▶ [What needs to be done]: Using the listing below, copy exactly each line from the one that has "BLACK TEA &" through the one that has "Figura 7 – Ripresa"; omit the pictures.

[Given records Boundary: Start]

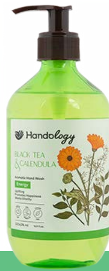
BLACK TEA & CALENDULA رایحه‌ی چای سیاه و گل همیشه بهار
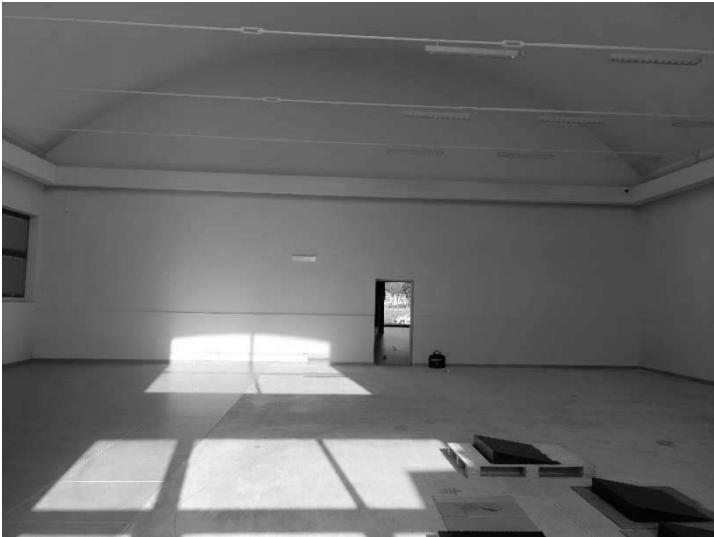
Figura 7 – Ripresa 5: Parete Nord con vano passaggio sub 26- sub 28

[Given records Boundary: End]
[Given records Boundary: Start]

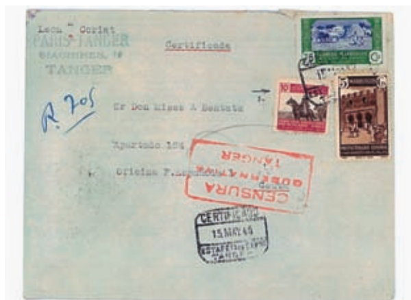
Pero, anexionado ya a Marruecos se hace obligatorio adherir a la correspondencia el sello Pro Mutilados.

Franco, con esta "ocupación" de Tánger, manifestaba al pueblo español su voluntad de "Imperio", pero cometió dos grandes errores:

[Given records Boundary: End]

▶ [Task response]:
BLACK TEA & CALENDULA رایحه‌ی چای سیاه و گل همیشه بهار
Figura 7 – Ripresa 5: Parete Nord con vano passaggio sub 26- sub 28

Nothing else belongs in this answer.